Given data »

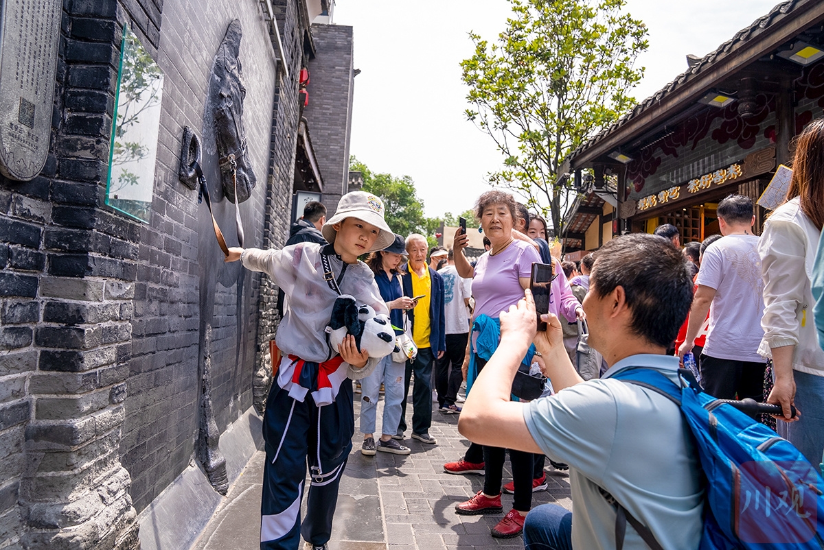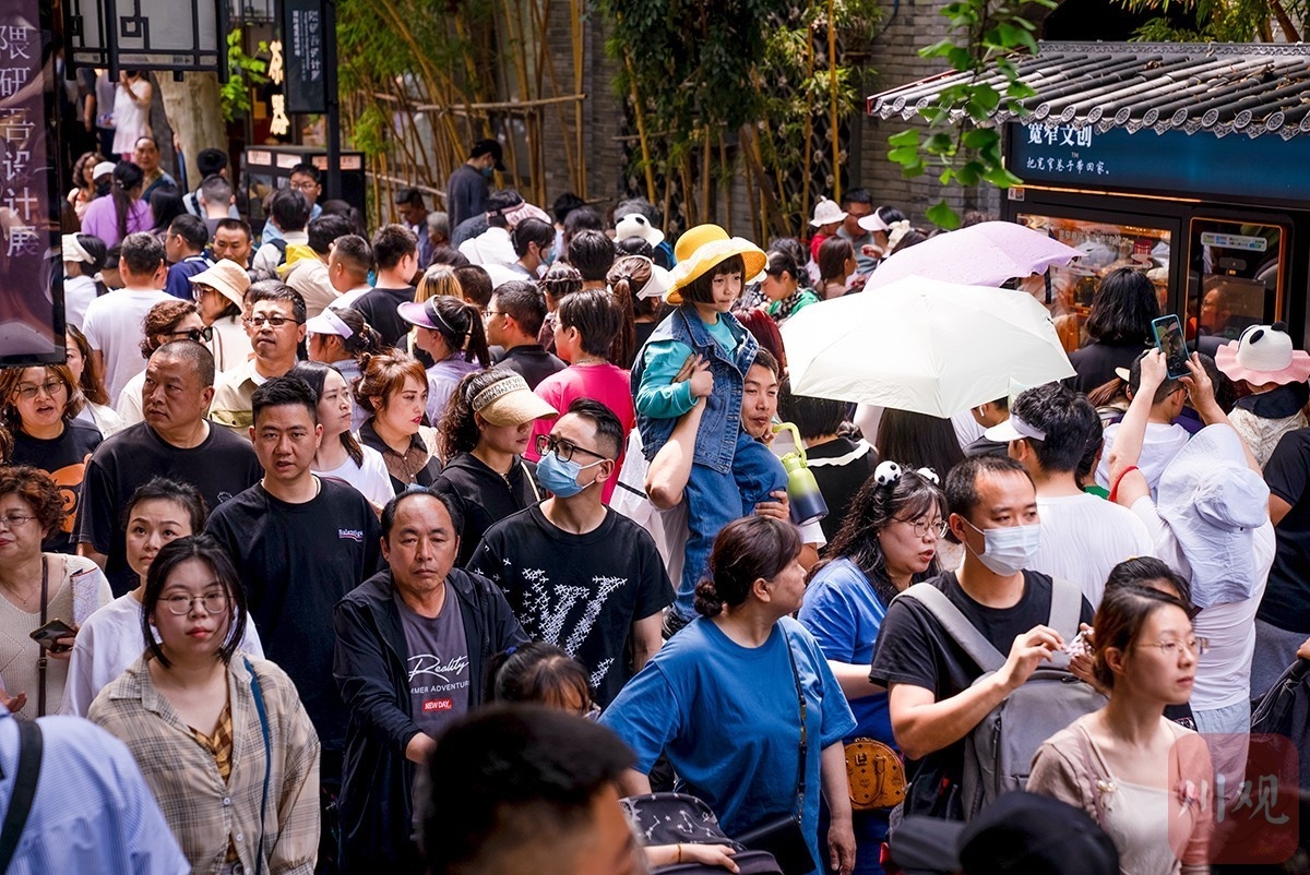 作为全国出游的热门目的地之一,不少游客来到成都打卡。5月1日上午,记者在宽窄巷子看到,现场游人如织,行进缓慢,但秩序井然。据了解,假期首日,宽窄巷子启动了乐飨•Love美食荟活动,并在现场设置了近40个摊位。游客不出宽窄巷子就可以享受泰式舂鸡爪、泰式奶茶、老挝咖啡、土耳其手冲咖啡等全球美食。
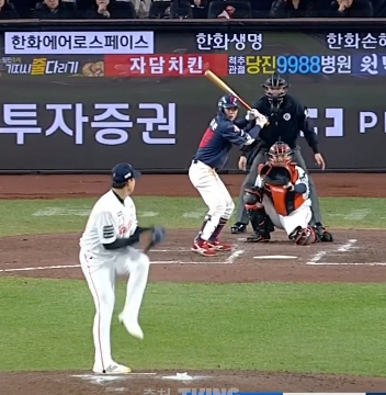8회말: 한화는 채은성의 볼넷, 플로리엘의 안타로 1사 1, 2루 찬스를 만들고 노시환의 희생플라이로 1점 추격했지만, 거기까지였다.
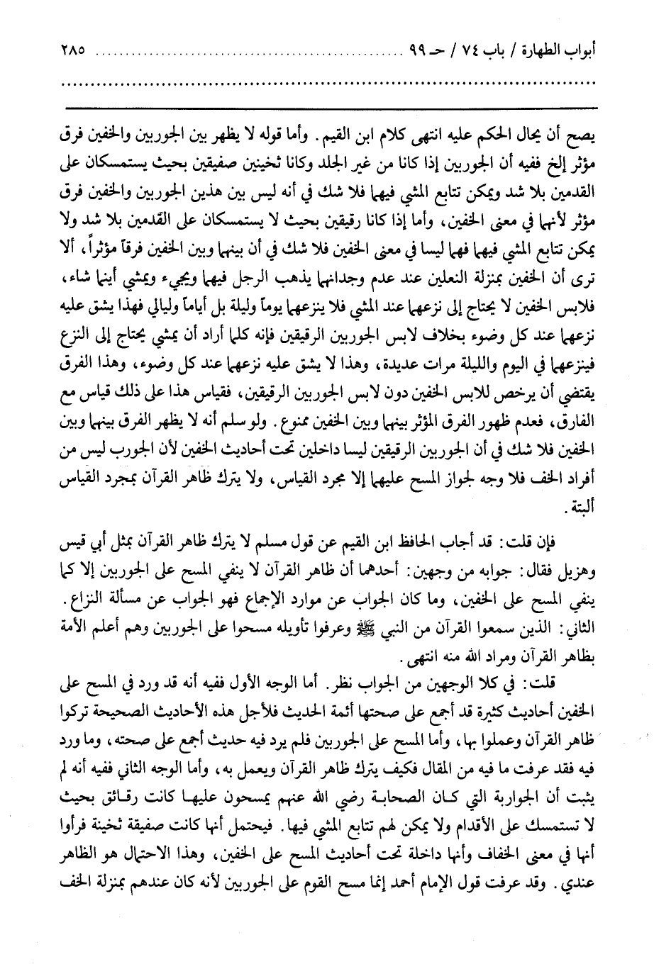 فَإِنْ قُلْتَ قَدْ أجاب الحافظ بن الْقَيِّمِ عَنْ قَوْلِ مُسْلِمٍ لَا يُتْرَكُ ظَاهِرُ الْقُرْآنِ بِمِثْلِ أَبِي قَيْسٍ وَهُزَيْلٍ فَقَالَ جَوَابُهُ مِنْ وَجْهَيْنِ أَحَدُهُمَا أَنَّ ظَاهِرَ الْقُرْآنِ لَا يَنْفِي الْمَسْحَ عَلَى الْجَوْرَبَيْنِ إِلَّا كَمَا يَنْفِي الْمَسْحَ عَلَى الْخُفَّيْنِ وَمَا كَانَ الْجَوَابُ عَنْ مَوَارِدِ الْإِجْمَاعِ فَهُوَ الْجَوَابُ عَنْ مَسْأَلَةِ النِّزَاعِ
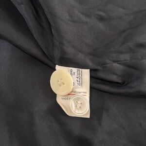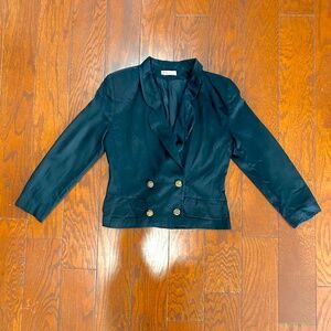 80s 90s Vintage Karl Lagerfeld black cropped blazer tuxedo jacket. One of a kind jacket is viscose but looks like silk. Sexy black blazer with gold buttons and shoulder pads. Very unique vintage piece in great condition.
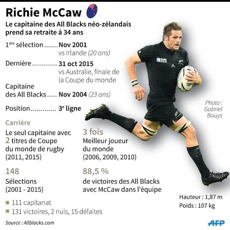 Au premier rang, le flanker Richie McCaw (34 ans, 148 sélections, record mondial), adoubé par Hansen comme le plus grand All Black de tous les temps en raison de son éternel dévouement aux tâches obscures. A ses côtés, l'ouvreur Dan Carter (33 ans, 112 sél), décrié avant le début du Mondial et finalement désigné meilleur joueur de l'année grâce à son talent et son incroyable sang froid dans les moments décisifs.

Required action » The first line of the listing through the line with "8회말: 한화는 채은성의": repeat exactly that span and nothing more, skipping pictures.

Result of this exercise »
 作为全国出游的热门目的地之一,不少游客来到成都打卡。5月1日上午,记者在宽窄巷子看到,现场游人如织,行进缓慢,但秩序井然。据了解,假期首日,宽窄巷子启动了乐飨•Love美食荟活动,并在现场设置了近40个摊位。游客不出宽窄巷子就可以享受泰式舂鸡爪、泰式奶茶、老挝咖啡、土耳其手冲咖啡等全球美食。
8회말: 한화는 채은성의 볼넷, 플로리엘의 안타로 1사 1, 2루 찬스를 만들고 노시환의 희생플라이로 1점 추격했지만, 거기까지였다.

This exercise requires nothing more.